Бесплатный Телеграм канал
Разработана структура агентного ИИ, позволяющая проводить комплексное тестирование энергосистем посредством ансамбля специализированных агентов, взаимодействующих с нативной кодовой базой $pandapower$ для выполнения расчётов режимов, анализа устойчивости и исследования коротких замыканий по запросу пользователя.
Разработана структура агентного ИИ, позволяющая проводить комплексное тестирование энергосистем посредством ансамбля специализированных агентов, взаимодействующих с нативной кодовой базой $pandapower$ для выполнения расчётов режимов, анализа устойчивости и исследования коротких замыканий по запросу пользователя.

Обзор современных подходов к интеграции самообучающегося ИИ в энергетическую инфраструктуру, включая архитектуру нулевого доверия и стандартизацию взаимодействия.

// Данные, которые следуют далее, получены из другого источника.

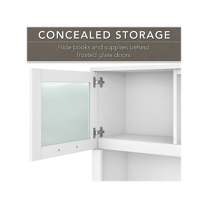 Build your perfect home office around the stylish and functional Bush Business Furniture Somerset L-shaped desk with hutch and lateral file cabinet. The 60″W surface with a wire management grommet offers ample room to spread out while a pull-out tray for a keyboard or laptop, vertical cabinet, box drawer, and file drawer provide plenty of storage space for supplies. The hutch has an open compartment and two frosted glass doors for concealed storage. The lateral file cabinet features smooth ball-bearing slides for easy access to legal- and letter-size paperwork and drawers that open one at a time for maximum stability. The transitional styling includes an attractive finish with tapered leg accents and contemporary metal hardware. This home office furniture set is tested to meet ANSI/SOHO quality standards for safety and performance.

Несмотря на значительные успехи в области искусственного интеллекта, автоматизация сложных инженерных задач в электроэнергетике требует качественно нового подхода. В работе, посвященной ‘Agentic AI Systems in Electrical Power Systems Engineering: Current State-of-the-Art and Challenges’, рассматривается потенциал агентного ИИ — системы, превосходящей традиционные модели по автономности и адаптивности. Предлагаемый обзор демонстрирует, как агентный ИИ, с использованием таких инструментов как Zero Trust Architecture и анализ выживаемости, позволяет решать задачи от оптимизации исследований энергосистем до разработки стратегий динамического ценообразования. Какие перспективы открываются для широкого внедрения агентного ИИ в критически важные инфраструктуры и как обеспечить его надежность и безопасность?


За пределами автоматизации: Рождение агентного ИИ

Традиционные агенты искусственного интеллекта, несмотря на впечатляющие успехи в узкоспециализированных задачах, демонстрируют ограниченные возможности при столкновении со сложными и динамично меняющимися условиями. Их работа, как правило, опирается на заранее заданные алгоритмы и не предусматривает адаптации к непредвиденным обстоятельствам или самостоятельному поиску решений в новых ситуациях. В отличие от них, системы, способные к автономному планированию и действиям, необходимы для решения проблем, требующих гибкости и креативности, а также способности к обучению в процессе выполнения задач. Это особенно актуально в сферах, где окружение непредсказуемо, а требования постоянно меняются, например, в робототехнике, управлении логистикой или разработке сложных программных систем.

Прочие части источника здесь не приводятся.